SERVOS

TEORY

Description: The servo is a small but powerful device that arranges in its interior of a small one motor with a reductor of velocity and multiplier of force, also has a small circuit that governs the system. The it traveled through of the axis at the outset is of 180º in the majority of them, but easily can be modified to have a traveled through free of 360º and to act as well as a motor.

Operation: The control of position performs it the I servo internally by means of a potentiometer that goes connected mechanically al axis at the outset and controls a pwm (modulador of width of pulses) internal for thus compare it with the entrance pwm external of the servo, by means of a differential system, and asi to modify the position of the axis at the outset until the values be equalized and the I serve stop in the position indicated, in this Motor of the servo to stops consuming current and so alone circulates a small current to the internal circuit, if we force the servo (moving the axis at the outset with the hand) at this time the internal differential control detects it and sends the necessary current al motor to correct the position.

To control an I serve we will have to apply a pulse of duration and specific frequency.
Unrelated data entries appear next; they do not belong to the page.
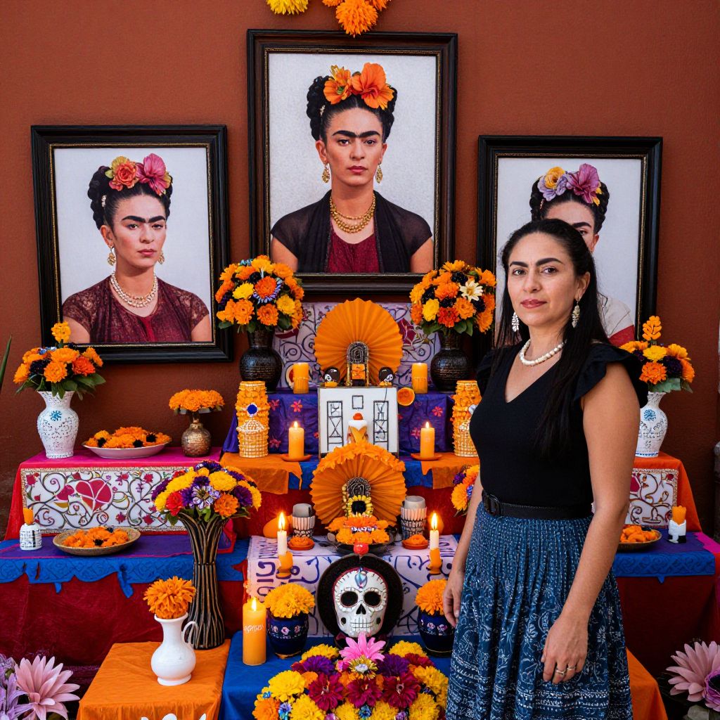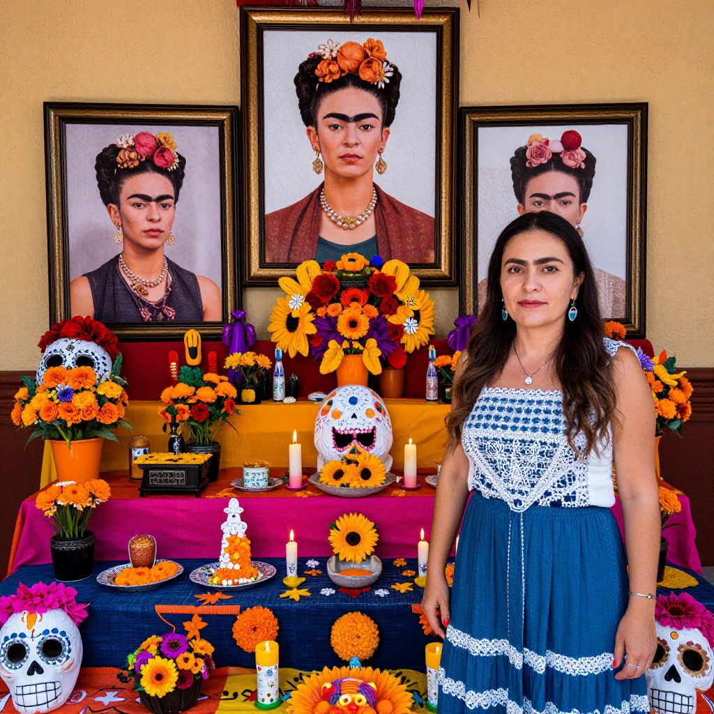 Woman standing beside a vibrant Día de los Muertos altar, featuring three framed portraits of Frida Kahlo-like figures, colorful floral arrangements, and decorative candles, highlighting her striking resemblance to the portraits. Chapala, Jalisco.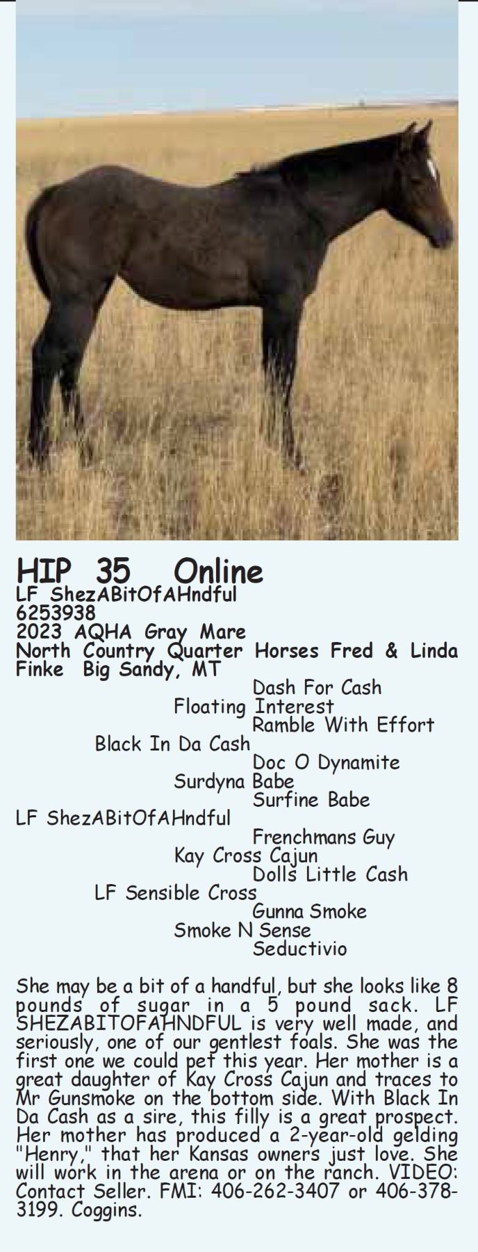 4. Horses are offered for sale according to the laws of the State of Montana, and the right to bid is reserved for all sellers in this sale.
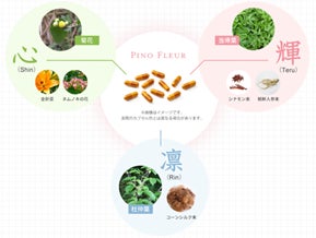「PINO FLEUR(ピノフルール)」は、古来より親しまれる松葉エキス(松葉抽出物)と植物由来の生薬を配合したサプリメントで、「気」のめぐりに着目した「心(Shin)」、「血」のめぐりに着目した「輝(Teru)」、「水」のめぐりに着目した「凛(Rin)」の3種をラインナップしております。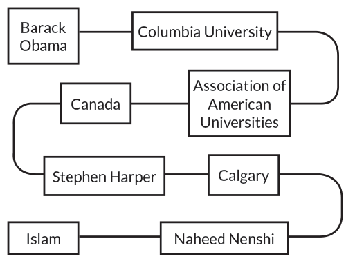 Take the false assertion “Barack Obama is a Muslim.” There are seven degrees of separation between “Obama” and “Islam” in the noun network, including very general nouns, such as “Canada,” that connect to many other words. Given this long, meandering route, the automated fact-checker, described in 2015 in PLOS ONE, deemed Obama unlikely to be Muslim.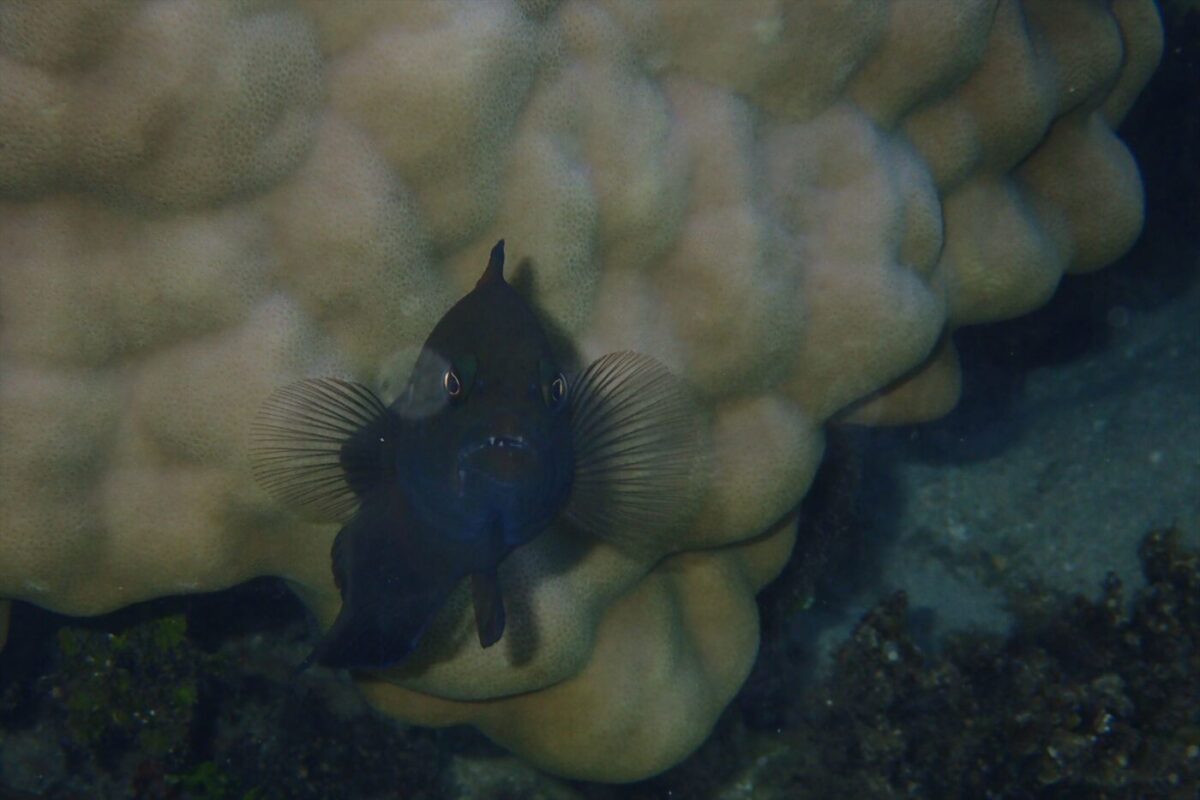 サンゴとサンゴの間の穴になっているところを探すといました、でもすぐに隠れます。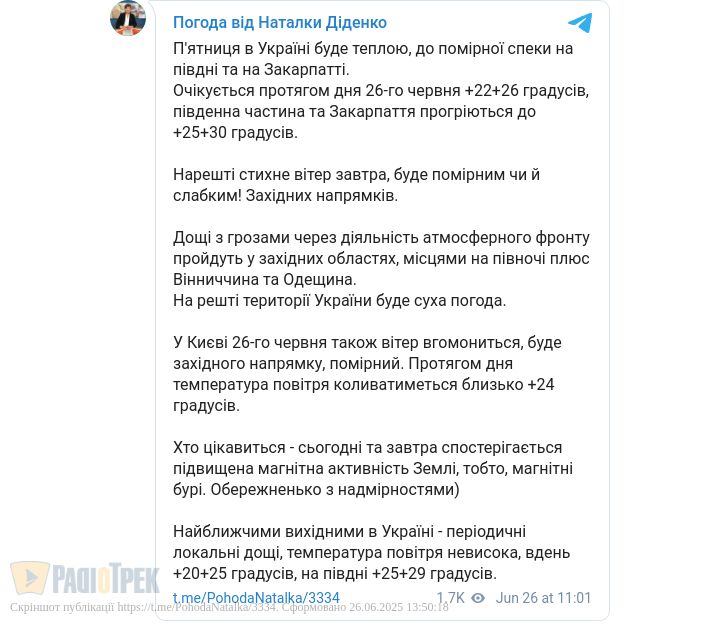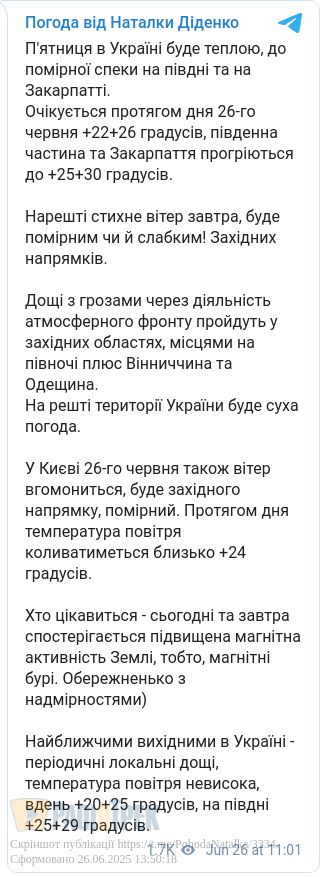 Прогноз погоди на п’ятницю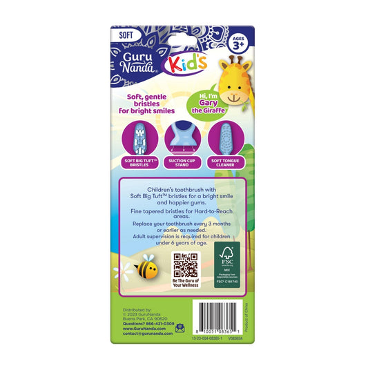 GuruNanda Kids Toothbrush with Suction Cup & Fun Animal Designs - Soft Bristles for Healthy Gums- Non-Slippery & Mess-Free Toothbrush, 3+ Age- 4 Count

All the servos have three cables two for diet Vcc and Gnd and another cable to apply the control pulses train that will do that the circuit of internal differential control put the I serve in the position indicated by the width of the pulse.

In the following board they are indicated the values of control and disposition of cables of several marks that market servos.

PRACTICE

To cause to function an servo for the first time and to see its traveled through I thought up me a simple routine with the one that could experience without problems with different durations of pulses and thus to be able to verify the traveled through of the servo standard FutabaS3003 that bought for a price of 3900 Pts.

By means of a switch we will introduce two basic orders al pic that will be put the servo in position of 0º and put the servo in position of 180º with these two positions we will have a circuit I practice of verification of the traveled through of any I serve.

The plan of conections is the following one. :

The routine is based on a continuous loop of verification of the line RA0 to which I have connected a switch of lever, if the switch this open one then arrives a 0 logical to RA0 and the I serve tour to the position 0º and if the switch this closed therefore arrives a 1 to RA0 and the servo tour to the maximum position of 180º. The train of impulses will leave for the duckling RB0 of the PIC and will connect directly with the entrance of pulses of the servo.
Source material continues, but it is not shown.